The Modern Era: Pogacar and Vingegaard
The conversation has refreshed significantly in the 2020s. Tadej Pogacar and Jonas Vingegaard have delivered rivalry-era racing not seen since Hinault and LeMond. Pogacar in particular — with multiple Tour de France titles, Giro victories, and a growing Monument collection — is assembling a career that future generations may rank alongside Merckx. His career is still unfolding, making any definitive placement premature, but the trajectory is unmistakable.
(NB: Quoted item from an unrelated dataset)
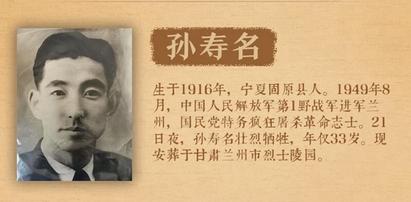 1949年8月,中國人民解放軍第一野戰軍進軍蘭州,國民黨特務瘋狂屠殺革命志士。21日夜,孫壽名同志壯烈犧牲,年僅三十二歲,F安葬于蘭州市烈士陵園。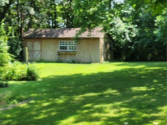 The property features a small creek, wooded area, and mature trees for ample shade. A 14' x 28' shed in the back includes storage and a finished, insulated, powered workshop.

Why Era Comparisons Are Complicated
Comparing riders across eras involves accepting significant limitations:
- Race formats, equipment, and nutrition science have changed enormously
- Doping scandals have clouded parts of the 1990s and 2000s record books
- Modern racing has become more specialized, making the all-rounder rarer
- Calendar density and professional team structures differ substantially
These factors don’t invalidate comparisons — they inform them. Merckx raced in a era without the aerodynamic advantages or sports science of today and still produced one of sport’s most dominant careers.
Criteria Summary
| Criteria | Weight in GOAT Debate |
|---|---|
| Grand Tour victories | Very High |
| Monument Classic wins | High |
| Versatility across terrain | High |
| Sustained career longevity | Medium |
| Hour record performance | Medium |
| Head-to-head rivalry wins | Medium |
Quick summary: Eddy Merckx stands as the most broadly accepted greatest cyclist of all time, defined by unmatched versatility across Grand Tours and one-day Classics. Bernard Hinault and Miguel Indurain press the case for the Grand Tour era, while Tadej Pogacar is building a modern resume that may one day rival them all. The debate is part of what makes cycling’s history so compelling.
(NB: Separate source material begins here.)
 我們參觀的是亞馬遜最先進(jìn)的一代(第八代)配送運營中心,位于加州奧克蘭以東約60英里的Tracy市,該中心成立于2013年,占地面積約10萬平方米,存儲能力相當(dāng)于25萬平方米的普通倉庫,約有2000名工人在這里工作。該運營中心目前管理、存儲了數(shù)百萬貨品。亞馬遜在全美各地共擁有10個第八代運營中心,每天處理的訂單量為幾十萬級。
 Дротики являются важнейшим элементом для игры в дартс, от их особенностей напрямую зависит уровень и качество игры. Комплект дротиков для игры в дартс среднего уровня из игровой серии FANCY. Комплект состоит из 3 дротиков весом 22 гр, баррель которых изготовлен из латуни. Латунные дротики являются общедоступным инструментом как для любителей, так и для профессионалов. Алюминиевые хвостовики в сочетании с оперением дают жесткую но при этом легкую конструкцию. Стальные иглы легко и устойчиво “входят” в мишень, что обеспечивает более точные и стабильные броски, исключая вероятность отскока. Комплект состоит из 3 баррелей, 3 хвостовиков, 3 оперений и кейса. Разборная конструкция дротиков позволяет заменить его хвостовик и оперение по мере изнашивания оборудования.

Frequently asked questions
Who is considered the greatest cyclist of all time?+
Eddy Merckx of Belgium is most commonly cited as the greatest cyclist of all time, having won five Tours de France, five Giro d'Italia, one Vuelta a Espana, and numerous one-day Classics across a dominant career in the 1960s and 1970s.
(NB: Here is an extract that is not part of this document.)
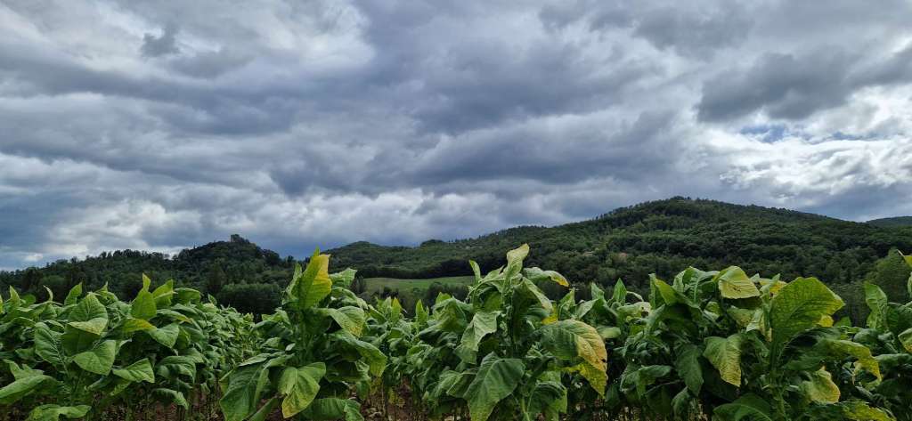 Auf der weiteren Fahrt fielen uns kilometerlange Felder mit grossblättrigen Pflanzen auf…Einige Felder abgeerntet, andere im Blütenstand und wieder andere als Jungpflanzen…Weder die Weltbeste Sozia noch ich hatten eine Ahnung um was es sich hier handelt. Doch Google sei Dank, es gibt ja Flora Incognita. Die App informierte uns, dass es sich bei diesen Feldern um Tabakpflanzen handelte…wieder etwas gelernt.

How many Tours de France did Eddy Merckx win?+
Eddy Merckx won five Tours de France (1969–1972 and 1974), placing him among a small group of five-time winners alongside Bernard Hinault, Miguel Indurain, Jacques Anquetil, and Fausto Coppi does not qualify — it was Merckx, Hinault, Indurain, Anquetil who share that mark.
What makes a cyclist the 'greatest of all time'?+
Cycling greatness is measured across multiple dimensions: Grand Tour victories (Tour de France, Giro d'Italia, Vuelta a Espana), one-day Classic wins, stage-race dominance, hour record performances, and the ability to excel in diverse terrains and conditions over a sustained career.